▶ **EXERCISE MATERIALS**:
Start of Block

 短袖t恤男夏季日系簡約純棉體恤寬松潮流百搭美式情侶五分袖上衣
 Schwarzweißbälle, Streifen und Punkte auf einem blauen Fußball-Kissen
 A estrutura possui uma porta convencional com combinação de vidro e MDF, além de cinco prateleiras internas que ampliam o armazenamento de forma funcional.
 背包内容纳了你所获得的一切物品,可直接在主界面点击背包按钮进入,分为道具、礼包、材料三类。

End of Block
Start of Block

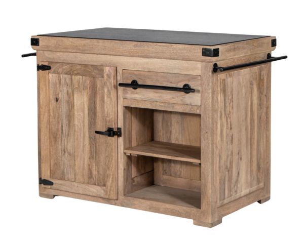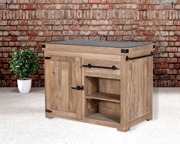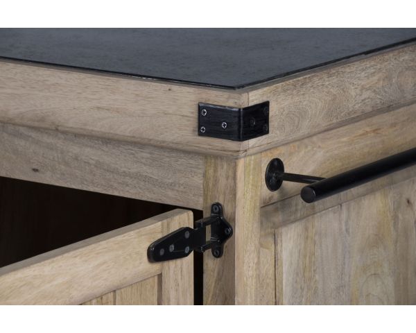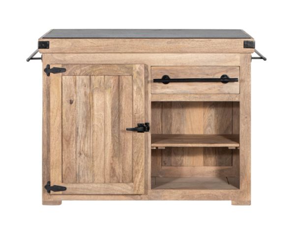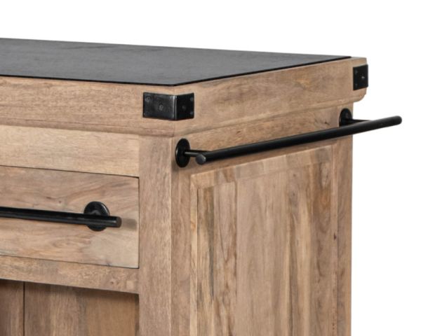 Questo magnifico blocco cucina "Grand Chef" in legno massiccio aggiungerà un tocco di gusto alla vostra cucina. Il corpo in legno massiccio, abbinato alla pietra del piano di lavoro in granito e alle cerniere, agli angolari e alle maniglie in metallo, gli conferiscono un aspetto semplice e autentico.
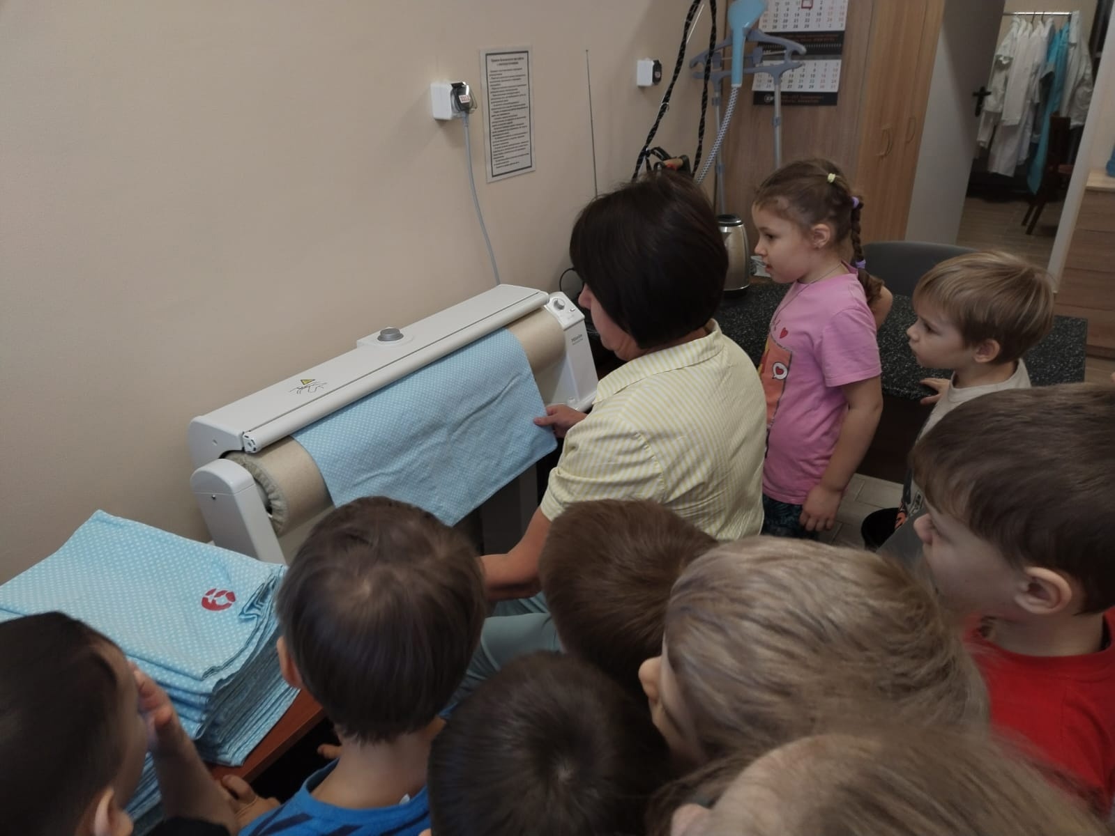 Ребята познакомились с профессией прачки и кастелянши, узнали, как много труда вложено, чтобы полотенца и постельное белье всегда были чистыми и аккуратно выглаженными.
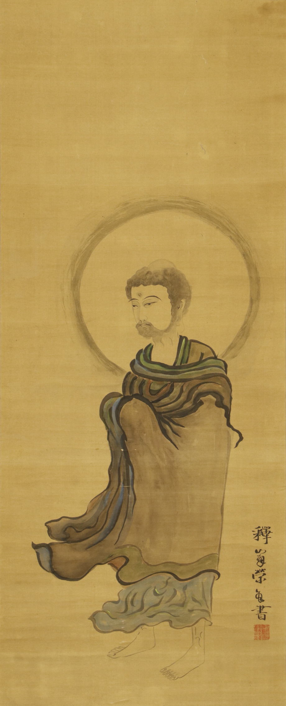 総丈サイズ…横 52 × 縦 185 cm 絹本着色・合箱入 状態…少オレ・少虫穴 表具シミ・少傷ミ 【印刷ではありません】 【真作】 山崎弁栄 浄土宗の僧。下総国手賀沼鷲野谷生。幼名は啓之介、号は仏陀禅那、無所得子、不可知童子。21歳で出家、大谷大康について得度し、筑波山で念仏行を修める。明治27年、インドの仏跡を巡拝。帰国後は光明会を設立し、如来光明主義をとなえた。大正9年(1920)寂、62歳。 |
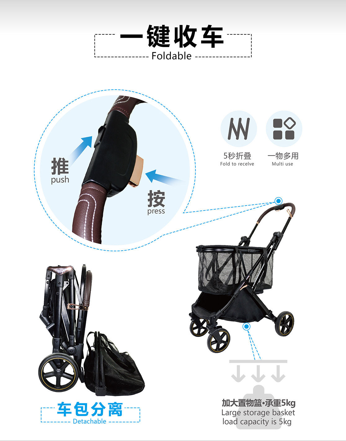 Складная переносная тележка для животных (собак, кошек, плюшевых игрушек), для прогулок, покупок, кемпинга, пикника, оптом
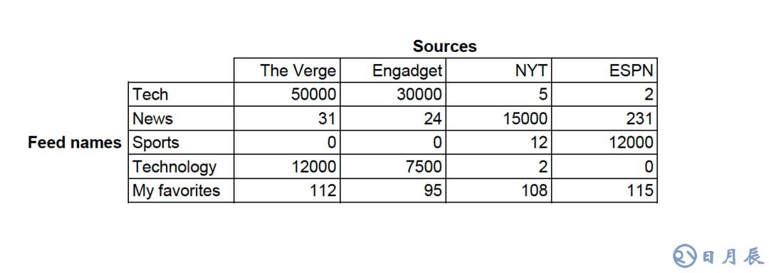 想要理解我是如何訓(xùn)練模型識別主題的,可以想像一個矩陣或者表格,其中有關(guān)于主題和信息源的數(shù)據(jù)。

End of Block

Print, exactly, each line above from the one with "総丈サイズ…横 52 ×" to the one with "想要理解我是如何訓(xùn)", end lines included. Leave pictures out of it.

 総丈サイズ…横 52 × 縦 185 cm 絹本着色・合箱入 状態…少オレ・少虫穴 表具シミ・少傷ミ 【印刷ではありません】 【真作】 山崎弁栄 浄土宗の僧。下総国手賀沼鷲野谷生。幼名は啓之介、号は仏陀禅那、無所得子、不可知童子。21歳で出家、大谷大康について得度し、筑波山で念仏行を修める。明治27年、インドの仏跡を巡拝。帰国後は光明会を設立し、如来光明主義をとなえた。大正9年(1920)寂、62歳。 |
 Складная переносная тележка для животных (собак, кошек, плюшевых игрушек), для прогулок, покупок, кемпинга, пикника, оптом
 想要理解我是如何訓(xùn)練模型識別主題的,可以想像一個矩陣或者表格,其中有關(guān)于主題和信息源的數(shù)據(jù)。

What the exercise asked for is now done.